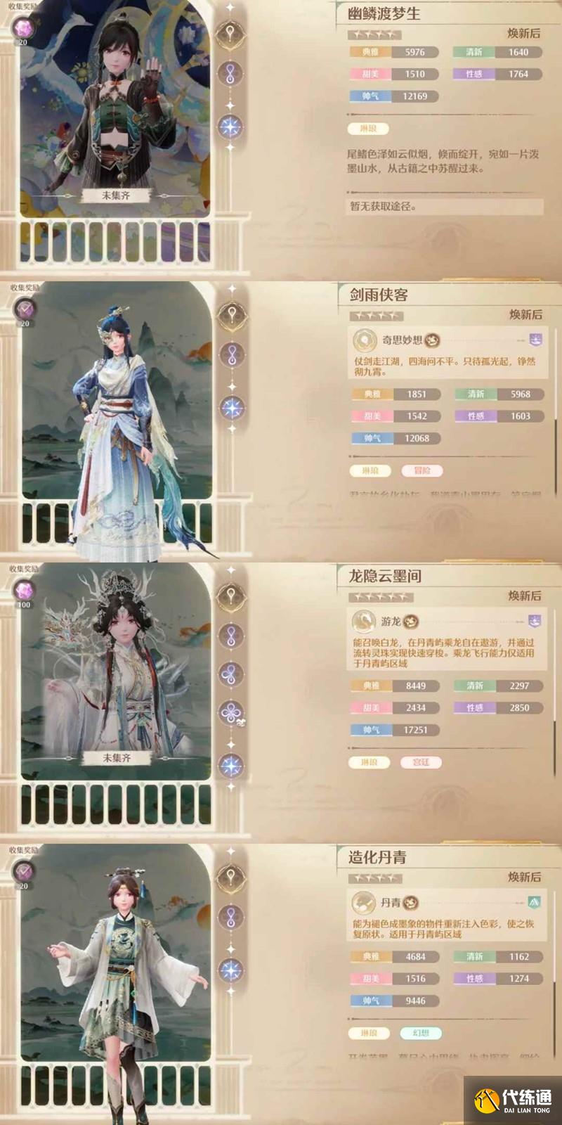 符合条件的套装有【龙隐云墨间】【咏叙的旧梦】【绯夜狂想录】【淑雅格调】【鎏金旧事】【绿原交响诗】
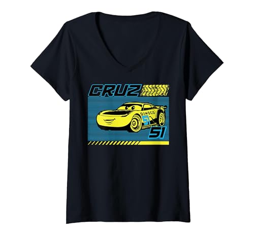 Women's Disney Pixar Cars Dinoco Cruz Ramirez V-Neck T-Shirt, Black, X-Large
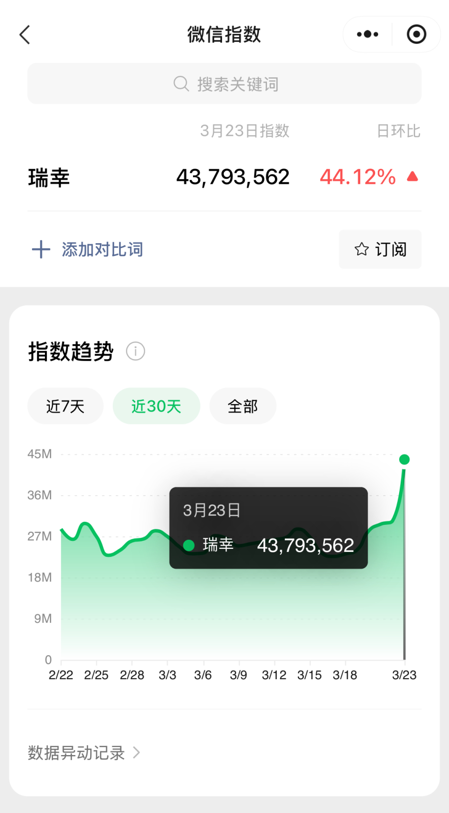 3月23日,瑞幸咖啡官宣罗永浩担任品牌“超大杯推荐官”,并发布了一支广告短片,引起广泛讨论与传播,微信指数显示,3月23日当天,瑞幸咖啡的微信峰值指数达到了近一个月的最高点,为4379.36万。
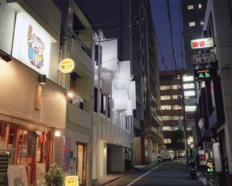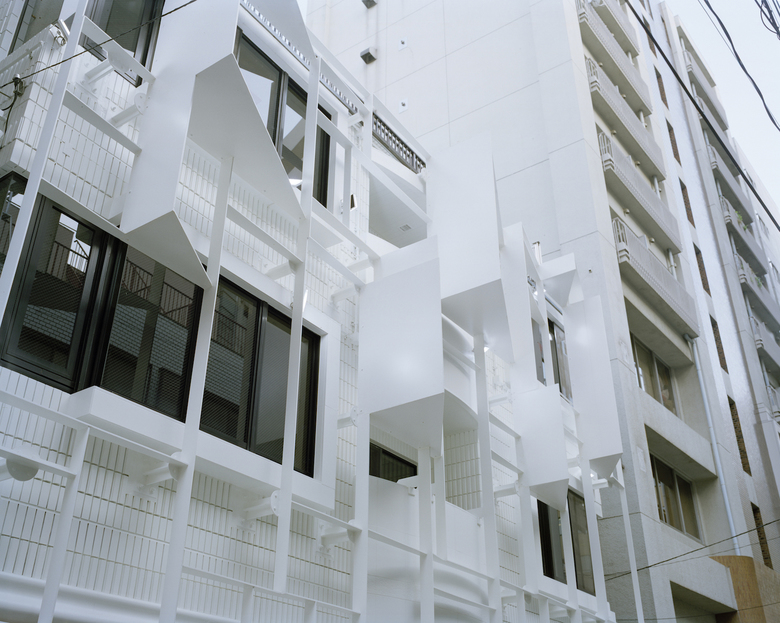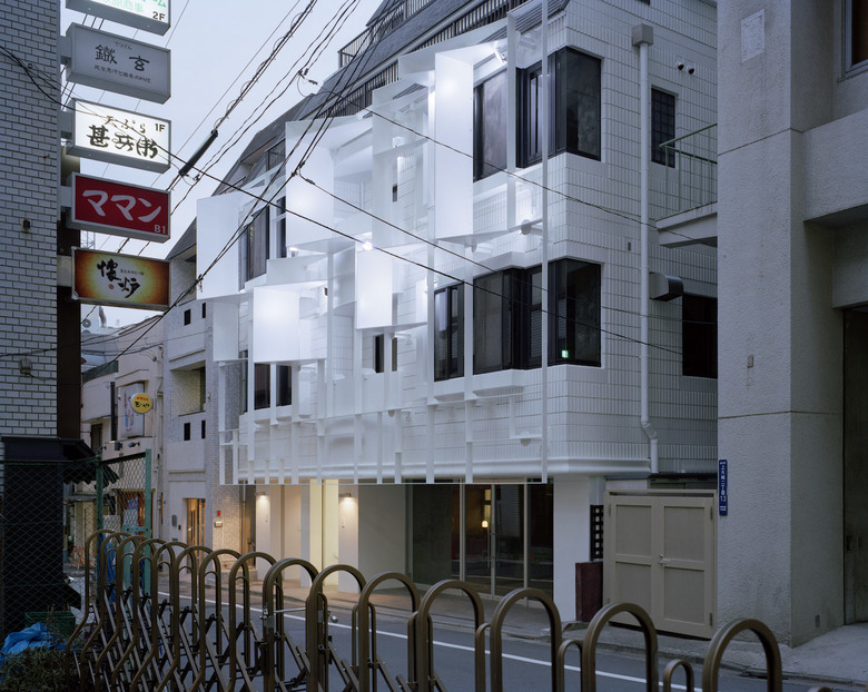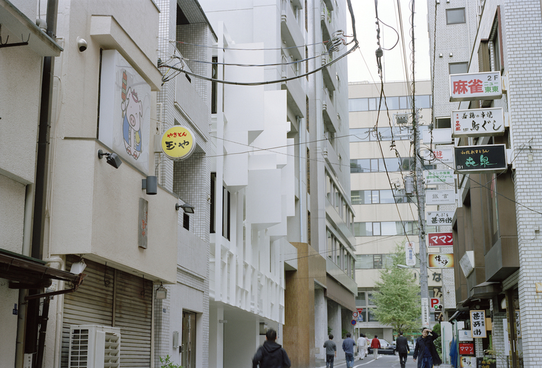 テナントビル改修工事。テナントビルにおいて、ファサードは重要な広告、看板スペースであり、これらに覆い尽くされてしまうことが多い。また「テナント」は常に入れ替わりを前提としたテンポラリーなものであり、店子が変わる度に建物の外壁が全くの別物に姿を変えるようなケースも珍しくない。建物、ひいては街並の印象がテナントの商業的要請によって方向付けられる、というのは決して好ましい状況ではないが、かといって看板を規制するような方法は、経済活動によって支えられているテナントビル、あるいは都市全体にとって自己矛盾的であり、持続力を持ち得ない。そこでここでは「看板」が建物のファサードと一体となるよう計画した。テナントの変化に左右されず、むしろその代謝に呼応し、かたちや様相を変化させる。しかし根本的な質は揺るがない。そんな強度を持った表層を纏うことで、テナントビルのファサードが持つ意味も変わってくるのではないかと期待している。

Task goal.
Please reproduce the material above word for word, without its images.

Final answer.
 符合条件的套装有【龙隐云墨间】【咏叙的旧梦】【绯夜狂想录】【淑雅格调】【鎏金旧事】【绿原交响诗】
 Women's Disney Pixar Cars Dinoco Cruz Ramirez V-Neck T-Shirt, Black, X-Large
 3月23日,瑞幸咖啡官宣罗永浩担任品牌“超大杯推荐官”,并发布了一支广告短片,引起广泛讨论与传播,微信指数显示,3月23日当天,瑞幸咖啡的微信峰值指数达到了近一个月的最高点,为4379.36万。
 テナントビル改修工事。テナントビルにおいて、ファサードは重要な広告、看板スペースであり、これらに覆い尽くされてしまうことが多い。また「テナント」は常に入れ替わりを前提としたテンポラリーなものであり、店子が変わる度に建物の外壁が全くの別物に姿を変えるようなケースも珍しくない。建物、ひいては街並の印象がテナントの商業的要請によって方向付けられる、というのは決して好ましい状況ではないが、かといって看板を規制するような方法は、経済活動によって支えられているテナントビル、あるいは都市全体にとって自己矛盾的であり、持続力を持ち得ない。そこでここでは「看板」が建物のファサードと一体となるよう計画した。テナントの変化に左右されず、むしろその代謝に呼応し、かたちや様相を変化させる。しかし根本的な質は揺るがない。そんな強度を持った表層を纏うことで、テナントビルのファサードが持つ意味も変わってくるのではないかと期待している。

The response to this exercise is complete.